### Your instructions
Each record below must be retyped exactly, with nothing left out.

### Given records
▼▼▼
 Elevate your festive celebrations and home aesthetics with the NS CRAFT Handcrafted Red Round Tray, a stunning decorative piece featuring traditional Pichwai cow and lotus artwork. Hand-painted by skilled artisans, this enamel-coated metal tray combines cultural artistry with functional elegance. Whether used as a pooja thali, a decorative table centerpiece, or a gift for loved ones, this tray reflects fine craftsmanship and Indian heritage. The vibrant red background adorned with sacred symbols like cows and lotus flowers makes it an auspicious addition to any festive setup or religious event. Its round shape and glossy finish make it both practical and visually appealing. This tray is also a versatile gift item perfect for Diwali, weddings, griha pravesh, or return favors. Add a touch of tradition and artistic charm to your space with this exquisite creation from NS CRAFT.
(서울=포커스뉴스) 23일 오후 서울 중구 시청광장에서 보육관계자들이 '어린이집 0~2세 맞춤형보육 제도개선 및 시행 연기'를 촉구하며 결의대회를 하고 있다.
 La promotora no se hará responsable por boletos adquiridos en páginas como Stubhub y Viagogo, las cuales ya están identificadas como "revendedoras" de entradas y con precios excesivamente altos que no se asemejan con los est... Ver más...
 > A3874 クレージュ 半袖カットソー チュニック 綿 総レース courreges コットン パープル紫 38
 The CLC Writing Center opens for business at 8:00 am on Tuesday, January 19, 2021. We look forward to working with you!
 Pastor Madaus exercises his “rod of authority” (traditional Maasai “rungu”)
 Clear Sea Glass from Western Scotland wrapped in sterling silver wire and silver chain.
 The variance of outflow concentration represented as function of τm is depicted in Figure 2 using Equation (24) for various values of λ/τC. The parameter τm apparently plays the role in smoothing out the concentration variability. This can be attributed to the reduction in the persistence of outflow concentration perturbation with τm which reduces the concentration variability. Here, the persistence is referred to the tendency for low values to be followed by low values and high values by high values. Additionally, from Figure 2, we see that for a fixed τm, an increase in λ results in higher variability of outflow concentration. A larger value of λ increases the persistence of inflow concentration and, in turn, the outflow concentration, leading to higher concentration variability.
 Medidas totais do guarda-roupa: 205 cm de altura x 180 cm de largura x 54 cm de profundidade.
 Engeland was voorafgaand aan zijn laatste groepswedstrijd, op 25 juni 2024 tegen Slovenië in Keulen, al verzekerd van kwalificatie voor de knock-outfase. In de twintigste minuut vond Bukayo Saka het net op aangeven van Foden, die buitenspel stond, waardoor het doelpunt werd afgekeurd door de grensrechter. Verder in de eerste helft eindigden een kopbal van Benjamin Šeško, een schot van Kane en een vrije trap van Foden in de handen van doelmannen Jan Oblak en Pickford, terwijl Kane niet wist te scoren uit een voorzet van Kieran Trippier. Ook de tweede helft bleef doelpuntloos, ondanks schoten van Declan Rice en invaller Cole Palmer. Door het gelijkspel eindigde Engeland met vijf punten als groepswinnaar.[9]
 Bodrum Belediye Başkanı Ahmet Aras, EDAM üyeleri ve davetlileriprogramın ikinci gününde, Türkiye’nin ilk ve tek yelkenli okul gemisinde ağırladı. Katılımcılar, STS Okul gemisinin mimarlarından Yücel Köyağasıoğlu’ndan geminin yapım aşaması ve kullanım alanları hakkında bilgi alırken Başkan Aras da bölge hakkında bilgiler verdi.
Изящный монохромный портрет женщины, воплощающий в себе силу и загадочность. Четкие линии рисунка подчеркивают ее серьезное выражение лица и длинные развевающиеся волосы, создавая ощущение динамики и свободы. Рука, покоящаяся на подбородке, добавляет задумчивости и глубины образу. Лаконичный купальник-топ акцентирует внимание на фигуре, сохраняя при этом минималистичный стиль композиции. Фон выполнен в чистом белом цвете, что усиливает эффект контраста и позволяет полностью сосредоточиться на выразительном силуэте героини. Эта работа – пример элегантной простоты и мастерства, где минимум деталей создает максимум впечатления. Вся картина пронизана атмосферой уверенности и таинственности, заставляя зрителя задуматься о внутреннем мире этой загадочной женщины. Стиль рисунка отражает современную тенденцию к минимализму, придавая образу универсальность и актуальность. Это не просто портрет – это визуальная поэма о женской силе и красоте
▲▲▲
### Answer section
 Elevate your festive celebrations and home aesthetics with the NS CRAFT Handcrafted Red Round Tray, a stunning decorative piece featuring traditional Pichwai cow and lotus artwork. Hand-painted by skilled artisans, this enamel-coated metal tray combines cultural artistry with functional elegance. Whether used as a pooja thali, a decorative table centerpiece, or a gift for loved ones, this tray reflects fine craftsmanship and Indian heritage. The vibrant red background adorned with sacred symbols like cows and lotus flowers makes it an auspicious addition to any festive setup or religious event. Its round shape and glossy finish make it both practical and visually appealing. This tray is also a versatile gift item perfect for Diwali, weddings, griha pravesh, or return favors. Add a touch of tradition and artistic charm to your space with this exquisite creation from NS CRAFT.
(서울=포커스뉴스) 23일 오후 서울 중구 시청광장에서 보육관계자들이 '어린이집 0~2세 맞춤형보육 제도개선 및 시행 연기'를 촉구하며 결의대회를 하고 있다.
 La promotora no se hará responsable por boletos adquiridos en páginas como Stubhub y Viagogo, las cuales ya están identificadas como "revendedoras" de entradas y con precios excesivamente altos que no se asemejan con los est... Ver más...
 > A3874 クレージュ 半袖カットソー チュニック 綿 総レース courreges コットン パープル紫 38
 The CLC Writing Center opens for business at 8:00 am on Tuesday, January 19, 2021. We look forward to working with you!
 Pastor Madaus exercises his “rod of authority” (traditional Maasai “rungu”)
 Clear Sea Glass from Western Scotland wrapped in sterling silver wire and silver chain.
 The variance of outflow concentration represented as function of τm is depicted in Figure 2 using Equation (24) for various values of λ/τC. The parameter τm apparently plays the role in smoothing out the concentration variability. This can be attributed to the reduction in the persistence of outflow concentration perturbation with τm which reduces the concentration variability. Here, the persistence is referred to the tendency for low values to be followed by low values and high values by high values. Additionally, from Figure 2, we see that for a fixed τm, an increase in λ results in higher variability of outflow concentration. A larger value of λ increases the persistence of inflow concentration and, in turn, the outflow concentration, leading to higher concentration variability.
 Medidas totais do guarda-roupa: 205 cm de altura x 180 cm de largura x 54 cm de profundidade.
 Engeland was voorafgaand aan zijn laatste groepswedstrijd, op 25 juni 2024 tegen Slovenië in Keulen, al verzekerd van kwalificatie voor de knock-outfase. In de twintigste minuut vond Bukayo Saka het net op aangeven van Foden, die buitenspel stond, waardoor het doelpunt werd afgekeurd door de grensrechter. Verder in de eerste helft eindigden een kopbal van Benjamin Šeško, een schot van Kane en een vrije trap van Foden in de handen van doelmannen Jan Oblak en Pickford, terwijl Kane niet wist te scoren uit een voorzet van Kieran Trippier. Ook de tweede helft bleef doelpuntloos, ondanks schoten van Declan Rice en invaller Cole Palmer. Door het gelijkspel eindigde Engeland met vijf punten als groepswinnaar.[9]
 Bodrum Belediye Başkanı Ahmet Aras, EDAM üyeleri ve davetlileriprogramın ikinci gününde, Türkiye’nin ilk ve tek yelkenli okul gemisinde ağırladı. Katılımcılar, STS Okul gemisinin mimarlarından Yücel Köyağasıoğlu’ndan geminin yapım aşaması ve kullanım alanları hakkında bilgi alırken Başkan Aras da bölge hakkında bilgiler verdi.
Изящный монохромный портрет женщины, воплощающий в себе силу и загадочность. Четкие линии рисунка подчеркивают ее серьезное выражение лица и длинные развевающиеся волосы, создавая ощущение динамики и свободы. Рука, покоящаяся на подбородке, добавляет задумчивости и глубины образу. Лаконичный купальник-топ акцентирует внимание на фигуре, сохраняя при этом минималистичный стиль композиции. Фон выполнен в чистом белом цвете, что усиливает эффект контраста и позволяет полностью сосредоточиться на выразительном силуэте героини. Эта работа – пример элегантной простоты и мастерства, где минимум деталей создает максимум впечатления. Вся картина пронизана атмосферой уверенности и таинственности, заставляя зрителя задуматься о внутреннем мире этой загадочной женщины. Стиль рисунка отражает современную тенденцию к минимализму, придавая образу универсальность и актуальность. Это не просто портрет – это визуальная поэма о женской силе и красоте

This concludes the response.